Merge hotfix/release-19286bf into /eclipseFdn/open-vsx.org main branch

added IT-prioritymedium IT-severitymajor Infra labels

assigned to @mward

As discussed on https://github.com/EclipseFdn/open-vsx.org/issues/979#issuecomment-1189228162, this issue is blocking us from deploying new updates to open-vsx.org.

@mward I know that you were assigned today on this issue but is it possible to give us an ETA on when we can expect this to be done?

It will help us plan when we can expect our updates to go live...

/cc @kineticSquid

This is on my list of things to try and look at today.

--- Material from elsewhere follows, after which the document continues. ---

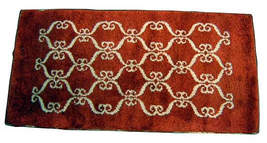 This pair of French art deco carpets was designed by Jules Leleu (1883 – 1961) in the 1940’s. The hand knotted wool rugs feature a series of arabesques in white displayed on a rust colored ground. The rugs measure 55 ½” x 28 ½” and are in excellent condition.

I ran the SQL commands above(on the staging db) and then re-ran the build/deployment job for staging but the pod has failed to start apparently due to errors in the db migration:

SQL State  : 42P07
Error Code : 0
Message    : ERROR: relation "extract_resources_migration_item" already exists
Location   : db/migration/V1_23__FileResource_Extract_Resources.sql (/home/openvsx/server/BOOT-INF/classes/db/migration/V1_23__FileResource_Extract_Resources.sql)
Line       : 1
Statement  : CREATE TABLE public.extract_resources_migration_item (
    id bigint NOT NULL,
    extension_id bigint NOT NULL,
    migration_scheduled boolean NOT NULL
)
2022-07-20 15:33:39.766  INFO 1 --- [           main] o.apache.catalina.core.StandardService   : Stopping service [Tomcat]
2022-07-20 15:33:39.770  WARN 1 --- [           main] ConfigServletWebServerApplicationContext : Exception encountered during context initialization - cancelling refresh attempt: org.springframework.context.ApplicationContextException: Unable to start web server; nested exception is org.springframework.boot.web.server.WebServerException: Unable to start embedded Tomcat
2022-07-20 15:33:39.772  INFO 1 --- [           main] com.zaxxer.hikari.HikariDataSource       : HikariPool-1 - Shutdown initiated...
2022-07-20 15:33:39.775  INFO 1 --- [           main] com.zaxxer.hikari.HikariDataSource       : HikariPool-1 - Shutdown completed.
2022-07-20 15:33:39.848  INFO 1 --- [           main] ConditionEvaluationReportLoggingListener : 

Error starting ApplicationContext. To display the conditions report re-run your application with 'debug' enabled.
2022-07-20 15:33:39.868  WARN 1 --- [           main] o.s.boot.SpringApplication               : Unable to close ApplicationContext

java.lang.IllegalStateException: Illegal access: this web application instance has been stopped already. Could not load [db/migration/V1_23__FileResource_Extract_Resources.sql]. The following stack trace is thrown for debugging purposes as well as to attempt to terminate the thread which caused the illegal access.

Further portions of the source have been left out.